In the case of a plurality of detection optical paths 2, the second optical fiber sensors 52 may be arrayed. The whole column here may be a one-dimensional array, i.e. only one row or column. The second optical fiber sensor 52 array may be directly coupled into the area array spectral detector, or an optical shutter 27 may be disposed on the second sensor, and the optical shutter 27 selects which optical signal of the detection optical path 2 is received, i.e. determines whether to receive the optical signal of a specific detection optical path 2.

The mode switching module includes the multi-channel white light/fluorescence switching control system 8, the optical shutter 27, and the above positions of the first filter 28 and the second filter 29, and the on/off state of the optical shutter 27, and the second motor or the electromagnet for controlling the wavelength ranges of the first filter and the second filter.

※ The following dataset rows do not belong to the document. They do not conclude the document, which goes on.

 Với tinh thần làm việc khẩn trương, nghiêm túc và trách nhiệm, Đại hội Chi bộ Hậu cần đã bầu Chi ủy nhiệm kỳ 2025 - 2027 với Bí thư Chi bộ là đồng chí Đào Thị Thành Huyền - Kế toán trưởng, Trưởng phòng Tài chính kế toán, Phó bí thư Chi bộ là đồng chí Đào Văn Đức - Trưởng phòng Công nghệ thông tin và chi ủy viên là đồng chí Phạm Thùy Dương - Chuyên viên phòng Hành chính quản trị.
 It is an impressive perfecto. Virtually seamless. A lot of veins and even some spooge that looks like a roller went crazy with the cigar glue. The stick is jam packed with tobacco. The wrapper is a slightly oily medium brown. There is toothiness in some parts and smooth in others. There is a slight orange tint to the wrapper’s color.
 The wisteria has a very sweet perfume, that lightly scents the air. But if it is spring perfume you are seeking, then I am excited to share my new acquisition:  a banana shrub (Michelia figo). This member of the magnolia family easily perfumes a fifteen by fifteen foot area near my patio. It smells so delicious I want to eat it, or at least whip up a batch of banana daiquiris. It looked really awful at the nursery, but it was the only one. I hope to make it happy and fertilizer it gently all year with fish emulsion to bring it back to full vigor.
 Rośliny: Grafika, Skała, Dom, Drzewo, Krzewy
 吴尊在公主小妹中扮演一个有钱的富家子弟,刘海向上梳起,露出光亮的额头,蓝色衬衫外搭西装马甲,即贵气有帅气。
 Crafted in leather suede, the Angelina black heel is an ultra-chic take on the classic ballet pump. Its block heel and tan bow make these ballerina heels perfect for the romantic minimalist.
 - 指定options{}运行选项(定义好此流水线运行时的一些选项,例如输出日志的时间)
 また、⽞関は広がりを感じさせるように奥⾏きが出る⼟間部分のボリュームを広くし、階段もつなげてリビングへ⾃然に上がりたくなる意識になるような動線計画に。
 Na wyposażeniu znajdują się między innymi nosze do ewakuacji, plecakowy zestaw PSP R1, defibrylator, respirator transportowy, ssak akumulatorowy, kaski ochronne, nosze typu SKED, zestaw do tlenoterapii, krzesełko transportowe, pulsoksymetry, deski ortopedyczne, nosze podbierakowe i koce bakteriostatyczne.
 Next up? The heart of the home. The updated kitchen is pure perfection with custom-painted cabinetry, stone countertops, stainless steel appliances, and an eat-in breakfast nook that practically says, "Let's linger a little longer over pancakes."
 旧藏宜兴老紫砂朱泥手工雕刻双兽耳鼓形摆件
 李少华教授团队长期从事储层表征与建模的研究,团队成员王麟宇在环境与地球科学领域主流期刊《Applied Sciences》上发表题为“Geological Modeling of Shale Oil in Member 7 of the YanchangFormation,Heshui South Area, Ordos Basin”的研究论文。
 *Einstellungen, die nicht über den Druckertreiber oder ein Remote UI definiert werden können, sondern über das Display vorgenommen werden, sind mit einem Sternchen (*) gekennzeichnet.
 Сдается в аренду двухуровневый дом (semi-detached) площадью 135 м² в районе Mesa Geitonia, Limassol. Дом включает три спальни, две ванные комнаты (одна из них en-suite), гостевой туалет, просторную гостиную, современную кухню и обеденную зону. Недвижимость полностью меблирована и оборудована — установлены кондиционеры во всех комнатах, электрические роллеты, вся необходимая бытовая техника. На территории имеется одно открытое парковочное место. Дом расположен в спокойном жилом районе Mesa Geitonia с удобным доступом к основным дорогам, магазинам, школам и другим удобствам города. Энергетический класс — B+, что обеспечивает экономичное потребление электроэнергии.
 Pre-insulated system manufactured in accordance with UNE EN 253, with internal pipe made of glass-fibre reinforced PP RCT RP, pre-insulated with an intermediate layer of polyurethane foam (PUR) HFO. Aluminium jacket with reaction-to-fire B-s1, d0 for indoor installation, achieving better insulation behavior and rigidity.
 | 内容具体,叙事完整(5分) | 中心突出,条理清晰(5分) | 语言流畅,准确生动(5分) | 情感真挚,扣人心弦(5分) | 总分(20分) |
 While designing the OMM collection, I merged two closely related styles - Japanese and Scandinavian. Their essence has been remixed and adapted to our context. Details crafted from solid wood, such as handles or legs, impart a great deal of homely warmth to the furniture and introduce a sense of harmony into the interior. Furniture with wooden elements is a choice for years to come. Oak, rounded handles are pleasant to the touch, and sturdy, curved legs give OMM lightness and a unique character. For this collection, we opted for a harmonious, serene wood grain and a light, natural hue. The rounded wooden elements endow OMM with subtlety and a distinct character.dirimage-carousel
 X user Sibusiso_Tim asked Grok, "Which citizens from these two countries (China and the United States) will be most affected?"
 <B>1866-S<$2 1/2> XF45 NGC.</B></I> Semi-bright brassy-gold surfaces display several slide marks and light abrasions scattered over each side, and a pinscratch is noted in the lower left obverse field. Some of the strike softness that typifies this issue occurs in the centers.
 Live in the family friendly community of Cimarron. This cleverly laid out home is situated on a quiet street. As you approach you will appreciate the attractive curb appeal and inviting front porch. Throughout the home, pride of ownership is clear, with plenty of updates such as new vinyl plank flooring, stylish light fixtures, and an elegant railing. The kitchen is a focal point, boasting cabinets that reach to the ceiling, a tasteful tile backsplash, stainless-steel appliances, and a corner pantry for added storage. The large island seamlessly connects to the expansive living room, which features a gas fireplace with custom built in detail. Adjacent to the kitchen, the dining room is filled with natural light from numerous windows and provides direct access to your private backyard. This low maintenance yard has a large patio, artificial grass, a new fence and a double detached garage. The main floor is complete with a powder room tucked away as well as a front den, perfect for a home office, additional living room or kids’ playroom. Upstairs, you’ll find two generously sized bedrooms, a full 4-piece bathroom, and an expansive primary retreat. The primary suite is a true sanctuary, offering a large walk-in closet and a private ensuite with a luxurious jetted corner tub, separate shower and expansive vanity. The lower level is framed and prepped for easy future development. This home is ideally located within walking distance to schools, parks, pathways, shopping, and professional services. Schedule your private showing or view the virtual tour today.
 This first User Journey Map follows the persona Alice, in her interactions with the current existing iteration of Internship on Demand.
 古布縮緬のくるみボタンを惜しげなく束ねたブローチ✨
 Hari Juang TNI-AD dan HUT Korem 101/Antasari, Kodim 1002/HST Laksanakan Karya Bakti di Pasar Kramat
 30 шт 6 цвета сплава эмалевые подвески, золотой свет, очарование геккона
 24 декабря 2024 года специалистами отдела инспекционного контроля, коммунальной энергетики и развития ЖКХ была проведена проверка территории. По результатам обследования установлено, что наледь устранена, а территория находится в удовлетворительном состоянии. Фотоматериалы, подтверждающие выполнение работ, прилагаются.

Wherein both the motor and the electromagnet are preferably plural. Plural in this context means two or more. The second motor or electromagnet controls the optical shutter 27, the first filter and the second filter to switch the modules of the device.

As shown in fig. 2(a) -2 (D), the microfluidic chip 3 is formed by encapsulating a cover (shown in fig. 2 (a)) and a base (shown in fig. 2 (B)). The microfluidic chip 3 comprises a liquid storage unit 31, a microfluidic switching control unit 32, a

sample inlet

33, 24

reaction cavity units

342, 24 buffer cavity units 343 and a waste liquid storage unit 35 which are connected in sequence, wherein the liquid storage unit 31, the microfluidic switching control unit 32, the reaction cavity units 342, the buffer cavity units 343 and the waste liquid storage unit 35 are connected through a microfluidic channel 36. The sample inlet 33 of the microfluidic chip 3 is of a silicone rubber structure, is connected with the liquid storage unit 31 of each original sample or reaction reagent through the microfluidic channel 36, is suitable for sample injection of needles or other sample injectors capable of puncturing rubber, can automatically seal after the needles are pulled out after sample injection is completed, and can perform repeated sample injection operation for many times. The center of the microfluidic chip 3 is connected with a first motor 7 in a shaft mode, the first motor 7 is driven and controlled to drive the microfluidic chip 3 to rotate through the CAN bus multi-shaft motion control system 6 so as to achieve microfluidic switching, and in addition, the liquid in the microfluidic chip 3 CAN be centrifuged through the CAN bus multi-shaft motion control system 6 controlling the rotating speed of the motor. Because a common biochemical experiment needs to centrifuge a sample for many times, if a centrifugal device is independently arranged, the operation is complex, the cost is high, and sample waste and pollution are easily caused. In this embodiment, the centrifugal unit is combined with the microfluidic switching control unit 32, so that the design is reasonable and the experimental process is simplified. As shown in fig. 2(C), the centrifugal driving of the first motor 7 is used to realize the step-by-step control of the fluid switching control unit in the microfluidic chip 3, so that the liquid inside the microfluidic chip 3 flows in a step-by-step and directional manner in a closed environment according to the biochemical reaction process. The micro-fluidic chip 3 in the embodiment is compatible with various sample forms such as original samples of blood, sputum, saliva, excrement and urine, histiocyte and the like, intermediate samples after certain pretreatment, nucleic acid/protein samples after separation and purification and the like, and has wide application range and strong operability.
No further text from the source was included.